§ **What to produce**
An exact copy of the listing is what is needed; please output it in full.

§ **Dataset excerpt**
━━━━━━━━━━━━━━━━━━━━━━━━━━━━━━

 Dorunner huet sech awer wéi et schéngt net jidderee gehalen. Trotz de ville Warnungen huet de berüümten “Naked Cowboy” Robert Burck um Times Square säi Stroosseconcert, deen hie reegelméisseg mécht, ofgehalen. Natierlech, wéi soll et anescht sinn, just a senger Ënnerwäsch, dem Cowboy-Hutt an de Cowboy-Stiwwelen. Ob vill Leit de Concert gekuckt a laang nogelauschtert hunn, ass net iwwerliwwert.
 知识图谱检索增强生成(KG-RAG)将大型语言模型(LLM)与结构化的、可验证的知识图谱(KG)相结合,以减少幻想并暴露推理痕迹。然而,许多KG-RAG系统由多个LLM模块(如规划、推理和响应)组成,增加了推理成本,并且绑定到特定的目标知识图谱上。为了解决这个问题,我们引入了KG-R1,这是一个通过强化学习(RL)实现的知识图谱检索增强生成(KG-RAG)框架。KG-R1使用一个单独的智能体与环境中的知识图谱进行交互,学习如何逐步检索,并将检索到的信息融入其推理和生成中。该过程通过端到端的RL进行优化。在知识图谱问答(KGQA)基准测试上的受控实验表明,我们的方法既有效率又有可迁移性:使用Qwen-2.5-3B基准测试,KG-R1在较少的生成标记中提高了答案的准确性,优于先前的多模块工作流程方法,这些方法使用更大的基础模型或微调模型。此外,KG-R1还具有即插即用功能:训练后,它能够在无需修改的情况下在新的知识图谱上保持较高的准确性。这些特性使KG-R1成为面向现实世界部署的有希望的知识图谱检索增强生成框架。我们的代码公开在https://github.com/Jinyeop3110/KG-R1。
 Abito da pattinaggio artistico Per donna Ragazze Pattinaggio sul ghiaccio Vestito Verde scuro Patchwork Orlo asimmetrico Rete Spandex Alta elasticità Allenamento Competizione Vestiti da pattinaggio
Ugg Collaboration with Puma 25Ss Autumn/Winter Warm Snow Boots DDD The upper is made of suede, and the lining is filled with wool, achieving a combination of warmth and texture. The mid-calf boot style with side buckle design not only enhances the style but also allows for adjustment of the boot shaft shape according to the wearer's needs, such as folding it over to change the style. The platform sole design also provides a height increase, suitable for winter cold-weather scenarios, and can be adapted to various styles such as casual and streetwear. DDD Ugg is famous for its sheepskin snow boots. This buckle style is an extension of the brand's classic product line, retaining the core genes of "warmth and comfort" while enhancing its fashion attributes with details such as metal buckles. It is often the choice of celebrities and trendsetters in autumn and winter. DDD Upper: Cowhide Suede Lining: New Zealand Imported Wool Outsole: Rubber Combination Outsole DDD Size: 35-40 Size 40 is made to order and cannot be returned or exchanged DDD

━━━━━━━━━━━━━━━━━━━━━━━━━━━━━━

§ **Response to the task**
 Dorunner huet sech awer wéi et schéngt net jidderee gehalen. Trotz de ville Warnungen huet de berüümten “Naked Cowboy” Robert Burck um Times Square säi Stroosseconcert, deen hie reegelméisseg mécht, ofgehalen. Natierlech, wéi soll et anescht sinn, just a senger Ënnerwäsch, dem Cowboy-Hutt an de Cowboy-Stiwwelen. Ob vill Leit de Concert gekuckt a laang nogelauschtert hunn, ass net iwwerliwwert.
 知识图谱检索增强生成(KG-RAG)将大型语言模型(LLM)与结构化的、可验证的知识图谱(KG)相结合,以减少幻想并暴露推理痕迹。然而,许多KG-RAG系统由多个LLM模块(如规划、推理和响应)组成,增加了推理成本,并且绑定到特定的目标知识图谱上。为了解决这个问题,我们引入了KG-R1,这是一个通过强化学习(RL)实现的知识图谱检索增强生成(KG-RAG)框架。KG-R1使用一个单独的智能体与环境中的知识图谱进行交互,学习如何逐步检索,并将检索到的信息融入其推理和生成中。该过程通过端到端的RL进行优化。在知识图谱问答(KGQA)基准测试上的受控实验表明,我们的方法既有效率又有可迁移性:使用Qwen-2.5-3B基准测试,KG-R1在较少的生成标记中提高了答案的准确性,优于先前的多模块工作流程方法,这些方法使用更大的基础模型或微调模型。此外,KG-R1还具有即插即用功能:训练后,它能够在无需修改的情况下在新的知识图谱上保持较高的准确性。这些特性使KG-R1成为面向现实世界部署的有希望的知识图谱检索增强生成框架。我们的代码公开在https://github.com/Jinyeop3110/KG-R1。
 Abito da pattinaggio artistico Per donna Ragazze Pattinaggio sul ghiaccio Vestito Verde scuro Patchwork Orlo asimmetrico Rete Spandex Alta elasticità Allenamento Competizione Vestiti da pattinaggio
Ugg Collaboration with Puma 25Ss Autumn/Winter Warm Snow Boots DDD The upper is made of suede, and the lining is filled with wool, achieving a combination of warmth and texture. The mid-calf boot style with side buckle design not only enhances the style but also allows for adjustment of the boot shaft shape according to the wearer's needs, such as folding it over to change the style. The platform sole design also provides a height increase, suitable for winter cold-weather scenarios, and can be adapted to various styles such as casual and streetwear. DDD Ugg is famous for its sheepskin snow boots. This buckle style is an extension of the brand's classic product line, retaining the core genes of "warmth and comfort" while enhancing its fashion attributes with details such as metal buckles. It is often the choice of celebrities and trendsetters in autumn and winter. DDD Upper: Cowhide Suede Lining: New Zealand Imported Wool Outsole: Rubber Combination Outsole DDD Size: 35-40 Size 40 is made to order and cannot be returned or exchanged DDD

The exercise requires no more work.